My relationship with renowned food writer and restaurant critic Clinton Palanca and his column was very organic. I was in college then and I would escape from the mundanity of my university life through the paper’s lifestyle pages. On Wednesdays I would read about the parties that took place over the weekend. And on Thursdays, I will read the columns of Doreen Fernandez and Clinton Palanca. It was what I cared about and enjoyed reading then, especially when I wanted a respite from the secession of the Québécois and bilateral treaties.
Fernandez, to me, was an icon. An elder stateswoman who could do no wrong. Palanca was like a playful older brother that I adored from afar. He was smart, confident, and wickedly fun—qualities I now realized I wanted in an older brother. He was a demanding English professor to some of my friends, but to me, he was just Clinton, the coolest writer I’ve known.
And so, from being lost in a course where I could not see a future, I was suddenly given a template of what I could become. I wanted to be a writer. I wanted to write about food. It was a subject I knew well and something that made me feel good writing about. And I wanted to write in a way that I thought Palanca would have wanted. Bold, honest, and witty but always with purpose. I chose to stay mum on occasions that I had nothing good to say, in true Fernandez style. However, the confidence, the straightforward stance, the “relax, its just food” attitude. Those were inspired by Palanca. Besides, there is nobody in the industry who can justifiably talk shit about other people’s food anyway. Only him.
His untimely demise had the food industry and media reeling. It got me thinking about my missed opportunity to work with him on an article. “Do you want to write about gay misogyny?” He asked me a couple of years back. I had to decline that time, hoping that another opportunity will present itself. But, that time never came. That will remain to be one of my greatest regrets.
However, while I searched through my old photos looking for our first dinner together at Gallery Vask immortalized forever in social media, I was reminded of the life food writing has afforded me. It was Palanca’s genius that inspired me to live this life that has opened so many doors to adventure and learning. It is a career that allowed me to open doors to several others as well, telling the world about restaurants and the people behind them who otherwise would not have had a voice.

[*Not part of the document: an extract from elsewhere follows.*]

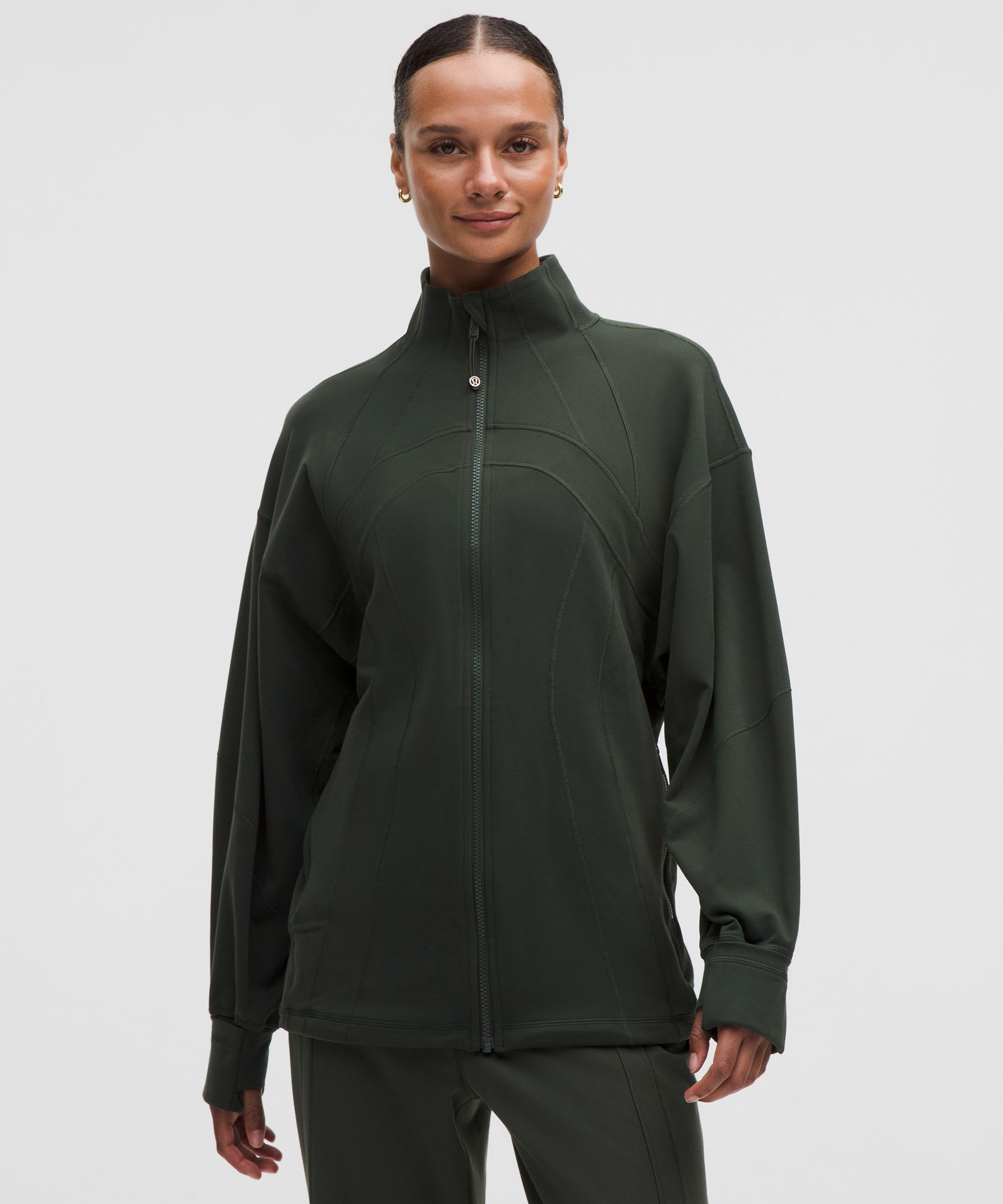 Drawstring, Pocketed, Thumbholes. Designed for Casual. An exaggerated fit that feels extra roomy. Long length keeps bum and hips covered. Defined, but keeps them guessing. This version of our fan-favourite jacket has an oversized fit and a cinchable shockcord hem that lets you switch up the shape and length. | lululemon – Women’s Define Oversized Jacket Luon – Color Green – Size 6

While I missed that chance to work with Palanca, I’m thankful I was able to tell him a handful of times how much he meant to me. He would giggle shyly and say something self-deprecating, clearly embarrassed by the attention and the adulation of an unabashed fan. But, I knew he needed to know. In an often thankless occupation that really does not pay enough to justify the work put into it, he needed to know how his talent mattered to me and countless others. To me, he is irreplaceable.